Adiponectin (microELISA, Univ Glasgow) is a recently discovered mediator of insulin action and regulator of fat mass. Leptin (microELISA, Univ Glasgow) is produced by fat cells, an indicator of fat mass and a satiety signal. C-reactive peptide (hcCRP, microELISA, Univ Glasgow) is a marker of inflammation. Insulin resistance is fundamentally a state of low grade inflammation.

Quality Control, Validation and Compliance : We have formally assessed the precision of all anthropometric measures. The performance of the accelerometers has been rigorously investigated by ourselves and others. We have also established 12-month test-retest correlations on the full EarlyBird cohort for the accelerometers measuring physical activity (r= 0.49), GEM measuring REE (r= 0.49) and HOMA measuring insulin resistance (r= 0.44). HOMA is now well established in the estimation of insulin resistance in children. The euglycaemic clamp, gold standard for the measurement of insulin resistance, is both impractical and unethical in healthy young children. HOMA compares favourably, with correlation coefficients exceeding 0.8.  The special concerns for clinical investigation in small children are recognised. No investigation is considered unduly invasive, and none is performed without the child’s assent. To date, the Study can claim over 95% compliance on all tests. Every effort is made to minimise attrition by close family support, group activities, newsletters, parties and so on. Parents are assured that all data will be coded and anonymised, and that any abnormal results will always be reported to their general practitioner.

Main Outcome Measures

  • Children :  1. Candidate factors : Birth weight, height, weight, BMI, skinfolds at five sites, waist, mid-arm and hip circumference, body composition, blood pressure, resting energy expenditure, physical activity and diet.

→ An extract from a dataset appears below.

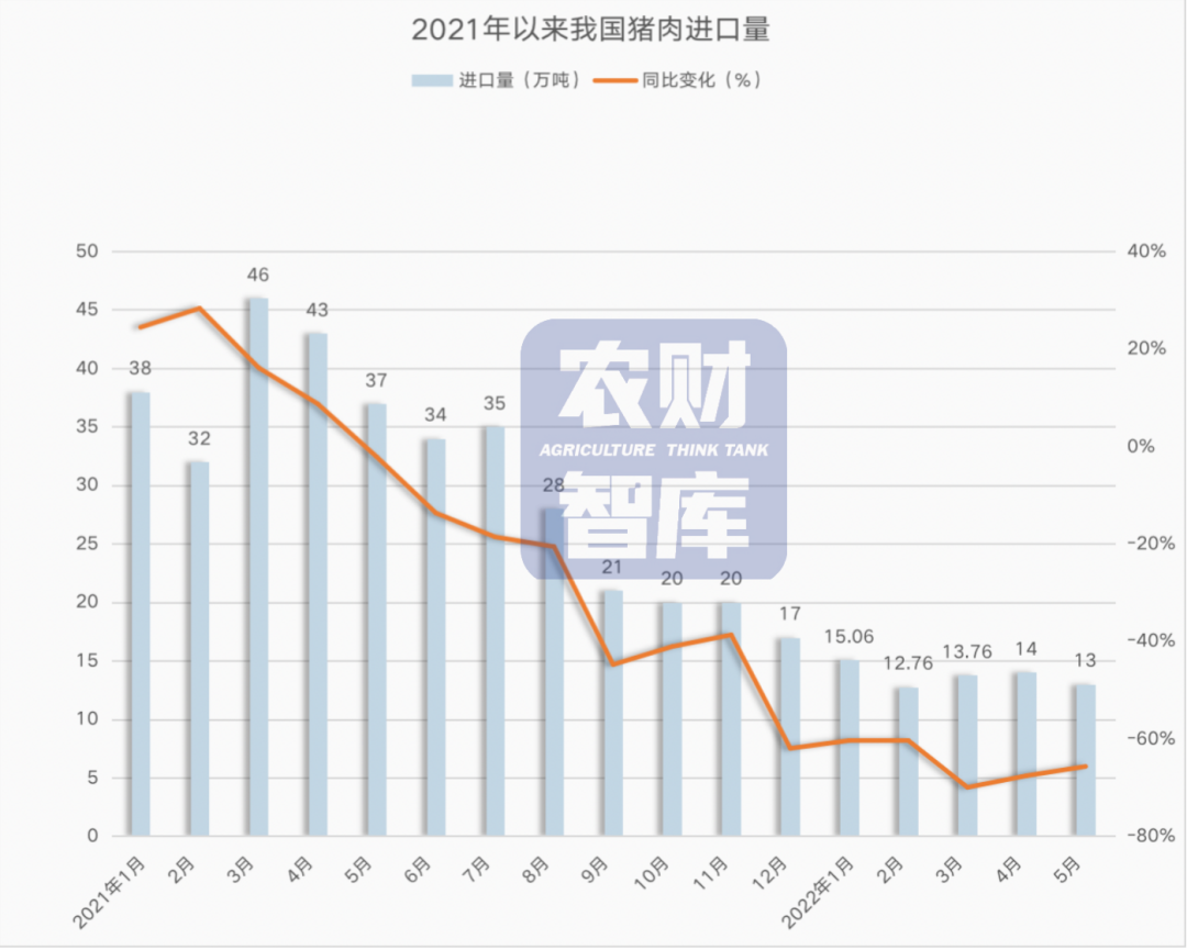 5月猪肉进口量较4月下降1万吨,同比下降65.7%。2022年1-5月,我国累计进口猪肉68万吨,同比减少65.2%。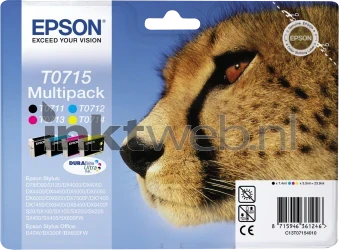 Deze Epson T0715 multipack bevat alle drie de kleurencartridges en één zwarte cartridge. Alles wat u nodig heeft om direct te kunnen printen. Daarnaast zijn deze cartridges erg gemakkelijk om te installeren; u kunt ze simpelweg in uw printer klikken.

    2. Insulin resistance and secretory capacity : HOMA-IR and HOMA-ISC. 

    3. Metabolic impact : Blood pressure, full blood count, haemoglobin and haematocrit, HbA1C, total cholesterol, HDL cholesterol, LDL cholesterol, triglycerides, uric acid, IGF-1, gonadotrophins and SHBG. DNA is prepared and serum aliquots from each visit archived at -80°C. 

  • Parents
    1. candidate factors: Height, weight, BMI, waist circumference. 
    2. insulin resistance and insulin secretory capacity : HOMA-IR and HOMA-ISC. 
    3. metabolic impact: Full blood count, haemoglobin and haematocrit, HbA1C, total cholesterol, HDL cholesterol, LDL cholesterol, triglycerides, uric acid, gonadotrophins, and SHBG. DNA is prepared and serum aliquots archived at -80°C.

Statistical Analysis : All statistical analyses are performed using SPSS for windows version 10.1. Standard deviation scores (SDS) are calculated for birth weight, current weight, height and BMI in order to standardise for age and sex (based on 1990 UK reference curves) using the conversion programme issued from the Child Growth Foundation (London, W4 1PW, UK). T-tests or one-way analysis of variance (ANOVA) compare means, and correlations are established by Pearson’s coefficient. Chi-Square is used for the analysis of categorical variables. A sample of size 300 will detect a correlation of 0.23 or more, assuming a two-tailed test at the 5% significance level. When considering males or females only, a sample size of 150 will detect a correlation coefficient of 0.27.

With accumulation of data (EarlyBird now has five annual time-points to analyse), and increasing use is being made of trend analysis.